The CDC had previously limited emergency use authorization of the J&J vaccine to adults who could not receive other vaccines because of the risk of the rare clotting condition known as thrombosis with thrombocytopenia syndrome (TTS). J&J vaccines were linked to 60 confirmed cases of TTS, including nine deaths, according to the CDC.
Only 7% of vaccinated people in the US received the J&J vaccine as their first injection, with the majority opting for mRNA vaccines from Pfizer/BioNTech and Moderna.
While wealthier nations have mostly chosen the Pfizer/BioNTech and Moderna vaccines for their effectiveness against variants of COVID-19, poorer countries have relied on the Janssen vaccine as it is a single-dose option and more affordable
With the COVID-19 public health emergency in the US, mRNA vaccines from Pfizer/BioNTech and Moderna will continue to be administered free of charge, while federal supplies last.
The World Health Organization (WHO) recommended in a statement on Thursday that future vaccines against COVID-19 no longer include the original SARS-CoV-2 virus, but a different version that closely matches the circulating variants.
The WHO technical advisory group on the composition of the COVID-19 vaccine suggested on May 18 that the XBB.1.5 variant, which is responsible for the majority of new infections worldwide, be included.
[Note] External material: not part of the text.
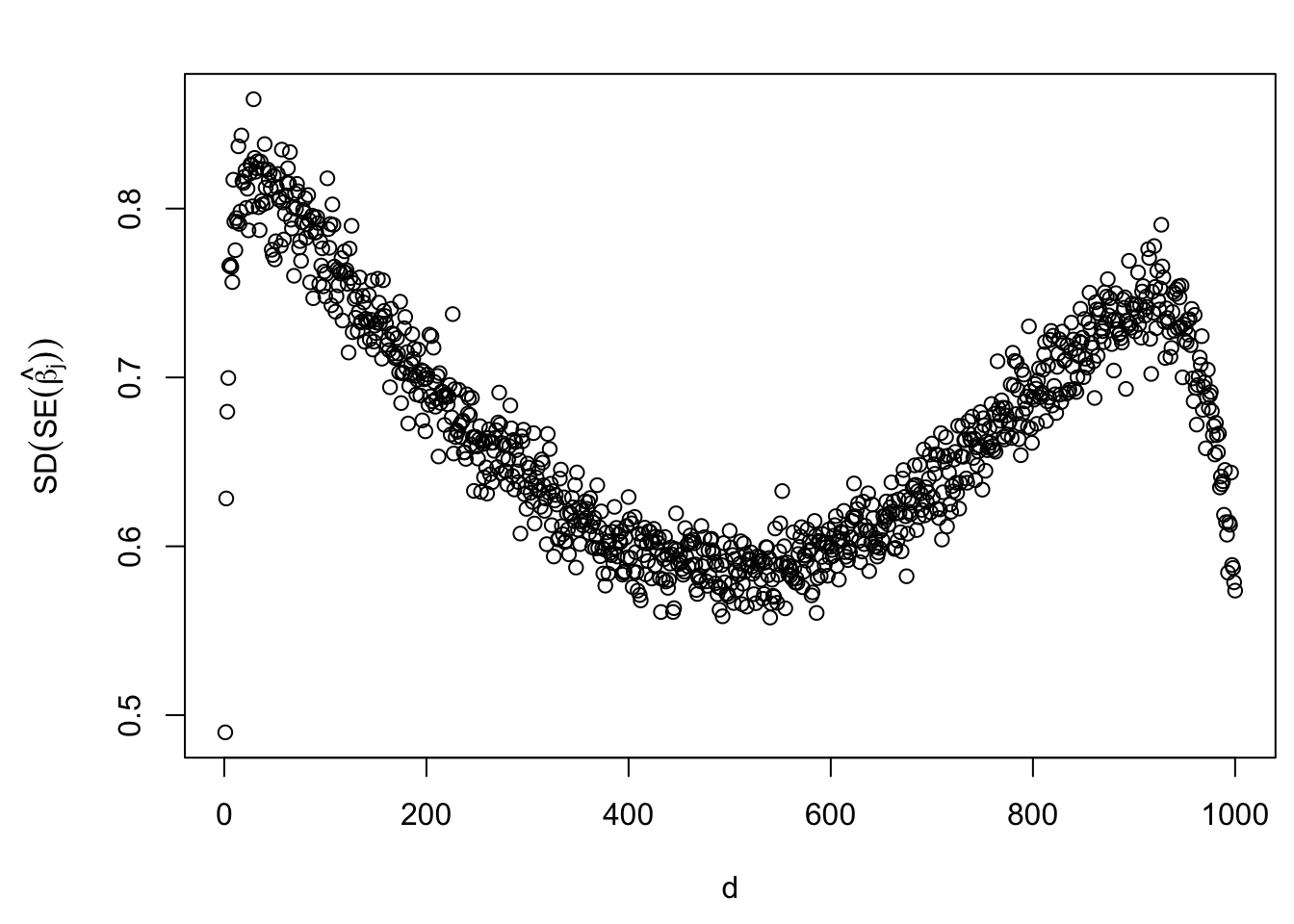 Actually the most important quantity to determine the shape of the empirical distribution of \(\hat z_j\) is the square root of the mean squared correlation among \(\hat\beta_j\)’s, that is, \(\sqrt{\overline{\rho_{\hat\beta_i, \hat\beta_j}^2}}\).

The updated vaccine should focus on a single XBB variant rather than multiple versions.
Although not binding, this recommendation serves as a basis for national vaccine decisions. Some experts have advocated including multiple strains of the virus in the next vaccine, similar to the approach of the annual flu shot. The WHO panel emphasized that slight differences exist between existing XBB variants and alternative formulations or platforms that generate strong neutralizing antibody responses against XBB descendant lineages may be considered.
The latest US COVID-19 booster is bivalent, targeting the original version of SARS-CoV-2 and two Omicron variants (BA.4 and BA.5). Although these and earlier vaccines remain effective against serious illness, hospitalization, and death, they offer less protection against infection as antibody levels decline over time. Updating the COVID-19 vaccine is crucial to address declining efficacy, as long as the vaccine strains closely match those in circulation. Targeting a single version of the virus can reduce the chances of achieving this alignment.
The WHO recommendation will be considered by the US Food and Drug Administration (FDA) when its vaccine experts meet in June to discuss which strains should be included in the next COVID vaccine -19. The FDA’s VRBAC committee is moving toward approving a single annual injection for most people, with additional doses for the elderly and immunocompromised.